Almanya Başbakanı Angela Merkel eylülde yapılacak seçimlerde aday olmayacak. Pandemi, 16 yıldır ülkeyi yöneten Merkel’in son krizi ve kendisini eleştirenlere son meydan okuması olacak. 

Google Haberlere Abone ol

KÖLN - Angela Merkel on altı yıldır Almanya’yı yönetiyor. Onun döneminde Avrupa euro krizi, mülteci krizi gibi büyük krizler geçirdi. İzlediği politikalar her zaman çoğunluğu memnun eder politikalar olmasa da, güven verici imajıyla ve biraz da belki şans eseri karşısına daha güçlü bir şansölye adayı çıkmayınca yeniden ve yeniden seçildi. Bu Eylül’de Almanya genel seçimleri var. Ama bu kez seçim yarışı Merkel’siz olacak.

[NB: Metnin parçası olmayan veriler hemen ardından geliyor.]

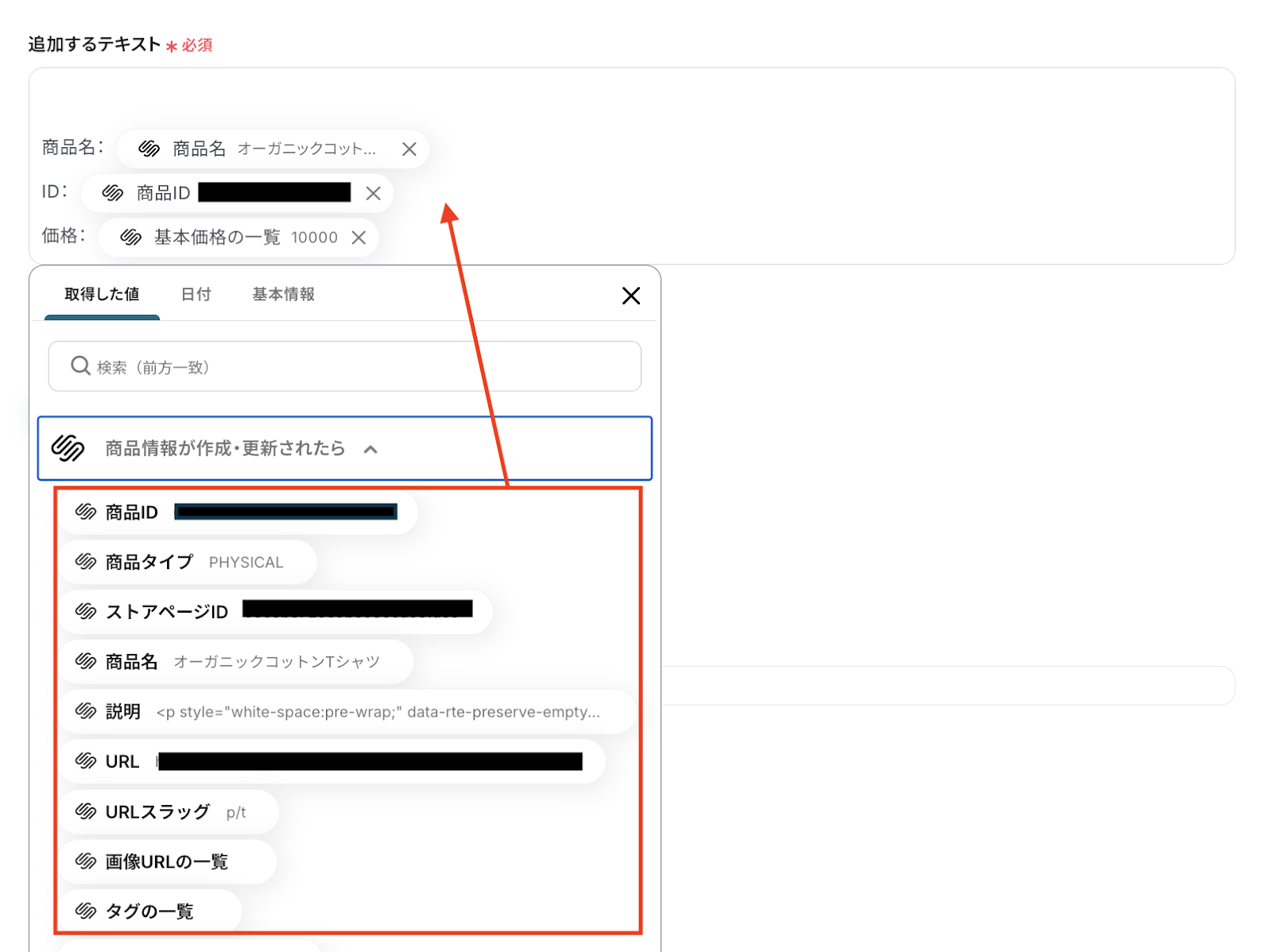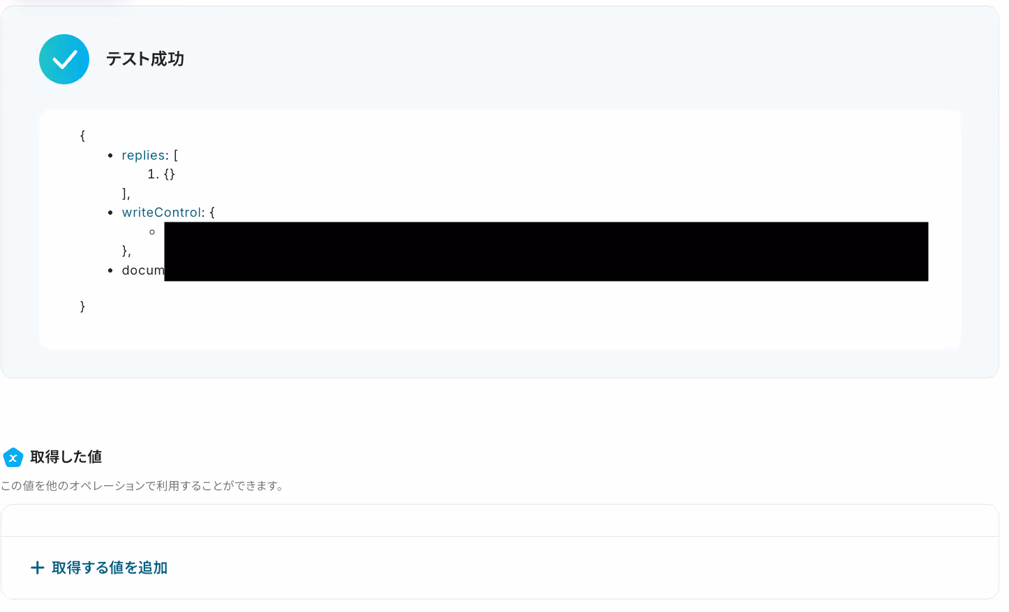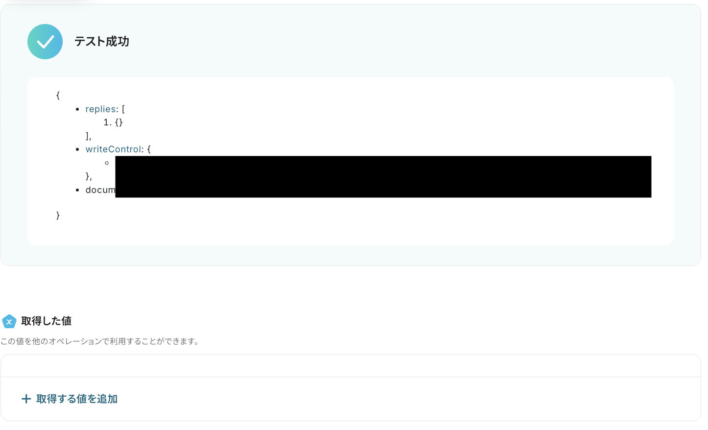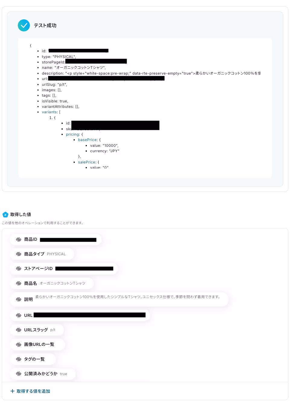 以下の画像の取得した値は、後続のステップで使用可能です。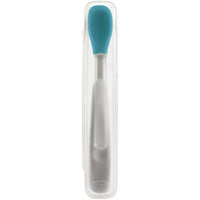 A soft, right-sized Spoon for gentle feeding on the go Features: Food-grade silicone coating gives this Feeding Spoon a soft touch Each shallow spoonful holds just enough for baby’s mouth, and is soft enough to scrape the last bits out of the bowl or wipe them off of baby’s face. Contoured handle is angled for easy feeding Spoon fits neatly into the compact carrying case Age: 6+ months Top rack dishwasher safe BPA, Phthalate and PVC free Dimensions: 6.5"" x 0.8"" x 1.1""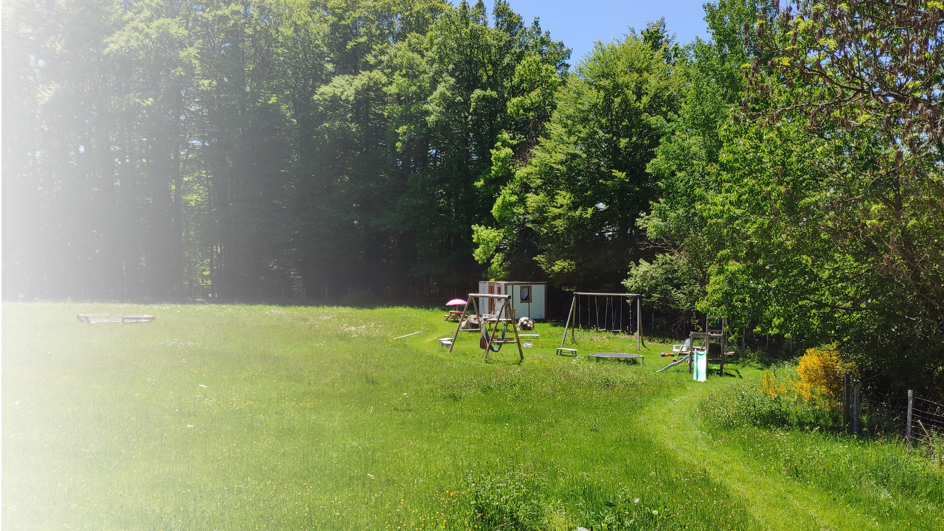 Sur place, profitez de notre petit camping à la ferme, installé dans un cadre verdoyant avec vue sur la campagne auvergnate.

Fakat son aylarını da muhtemelen planladığından farklı geçiriyor. Çünkü Merkel şansölye olarak son bir yılında yine bir kriz yönetmek zorunda kaldı. Korona pandemisi nedeniyle görevinin son döneminde yine zorlu bir sınavdan geçiyor. Merkel’in bu kez karşısında rakibi ne direkt ekonomik bir problem ne herhangi bir ülkeyle yaşanan bir sorun ne de mülteciler, Dünyanın geri kalanı gibi ölümcül bir virüsle baş etmek zorunda.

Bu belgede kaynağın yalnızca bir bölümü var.